Perhaps imagining a Jehovah, the poet sees a prophet’s arrival as inevitable:

When you come, as you soon must, to the streets of our city,
Mad-eyed from stating the obvious.
Not proclaiming our fall but begging us
In God’s name to have self-pity.

If we are to truly care for ourselves, however, we can’t simply be told we face annihilation, whether by means of long-range rockets or something else. Such an appeal will not touch our hearts or imaginations:

Spare us all word of the weapons, their force and range,
The long numbers that rocket the mind;
Our slow, unreckoning hearts will be left behind,
Unable to fear what is too strange.

Nor shall you scare us with talk of the death of the race.
How should we dream of this place without us?—
The sun mere fire, the leaves untroubled about us,
A stone look on the stone’s face?

Focus instead, the poet tells us, on those small losses—especially in nature (“the world’s own change”)—that sear our souls. Think of losing “the dolphin’s arc, the dove’s return.” The images he offers up are not earth-shattering but as a result are all the more powerful: the white-tailed deer slipping away, a lark avoiding “the reaches of our eye,” a jack-pine losing “its knuckled grip/on the cold ledge” and tumbling into the gorge. We ourselves could be that pine, hanging on for dear life:

Speak of the world’s own change. Though we cannot conceive
Of an undreamt thing, we know to our cost
How the dreamt cloud crumbles, the vines are blackened by frost,
How the view alters.
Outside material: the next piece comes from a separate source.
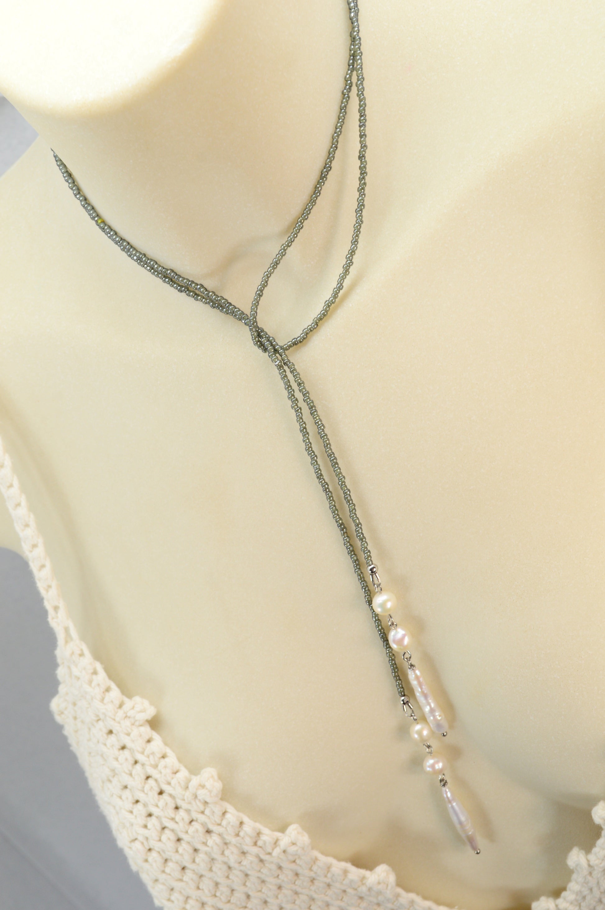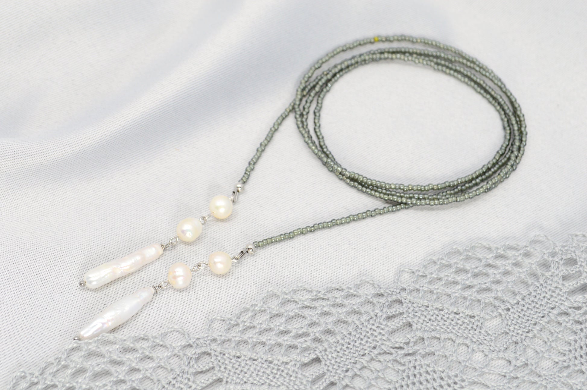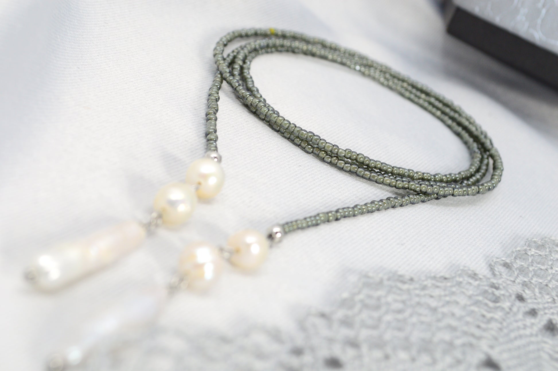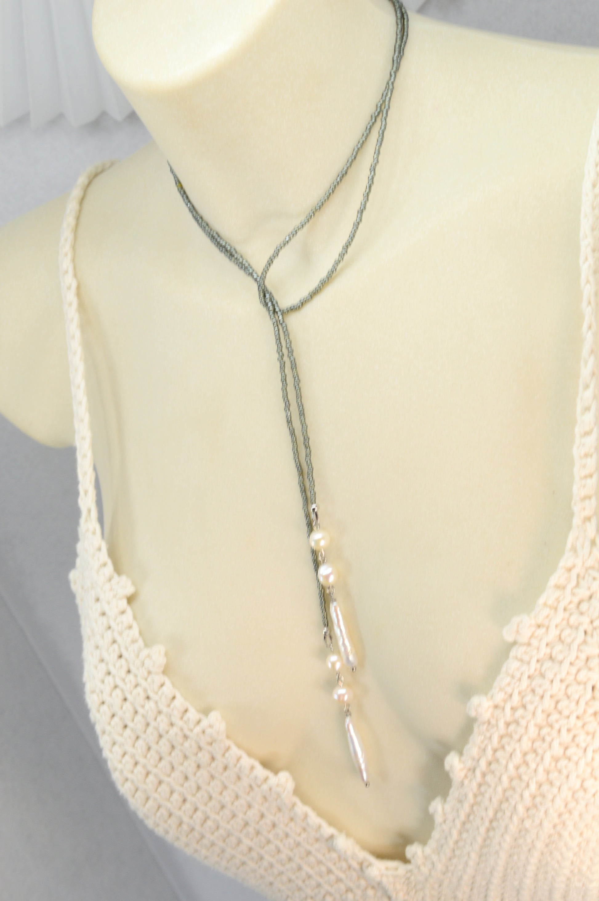 Step into effortless elegance with this handmade minimalist necklace, crafted with shimmering seed beads in a subtle metallic hue and finished with genuine freshwater pearls in organic shapes. The unique design combines delicate strands with natural pearl drops, making it the perfect balance of modern simplicity and timeless sophistication.

We could believe,

If you told us so, that the white-tailed deer will slip
Into perfect shade, grown perfectly shy,
The lark avoid the reaches of our eye,
The jack-pine lose its knuckled grip

On the cold ledge, and every torrent burn
As Xanthus once, its gliding trout
Stunned in a twinkling. What should we be without
The dolphin’s arc, the dove’s return…

I myself have used the image of the burning Xanthus River to capture the horrors of climate change. Fire from the blacksmith god Hephaistos blasts the vegetation and scalds the fish to beat back a river:

Then against the river
Hephaistos turned his bright flame, and the elms
and tamarisks and willows burned away,
with all the clover, galingale, and rushes
plentiful along the winding streams.
Then eels and fish, in backwaters, in currents,
wriggled here and there at the scalding breath
of torrid blasts from the great smith, Hephaistos…
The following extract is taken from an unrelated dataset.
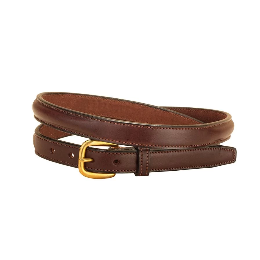 3/4” BRIDLE LEATHER BELT WITH A ROUND RAISED CENTER, STITCHED EDGES, FLAT SPACE FOR A NAME PLATE AND A SEWN BRASS BUCKLE

Because we see our spiritual selves in nature’s mirror, we lose the “rose of our love,” the “horse of our courage,” the “singing locust of the soul unshelled” when the glass is “obscured or broken.” Nature calls “our natures forth,” giving us a “live tongue” that helps us say “all we mean or wish to mean”:

These things in which we have seen ourselves and spoken?
Ask us, prophet, how we shall call
Our natures forth when that live tongue is all
Dispelled, that glass obscured or broken

In which we have said the rose of our love and the clean
Horse of our courage, in which beheld
The singing locust of the soul unshelled,
And all we mean or wish to mean.

The poem ends with a dark question: even Dante’s divine rose, found in paradise (“worldless rose) will not sustain our hearts if it is not grounded in an actual worldly rose. Our vision of the “lofty and long standing” require actual oaks in our lives—or, should I say, redwoods, many of which are burning in California’s devastating fires. The “bronze annals” of manufactured human history only appear majestic when we have things like trees to compare them to:

Ask us, ask us whether with the worldless rose
Our hearts shall fail us; come demanding
Whether there shall be lofty or long standing
When the bronze annals of the oak-tree close.

In other words, if the prophet wants to get our attention, he or she will emphasize how all the we value, the soulful parts of ourselves, are inextricably entwined with the natural world.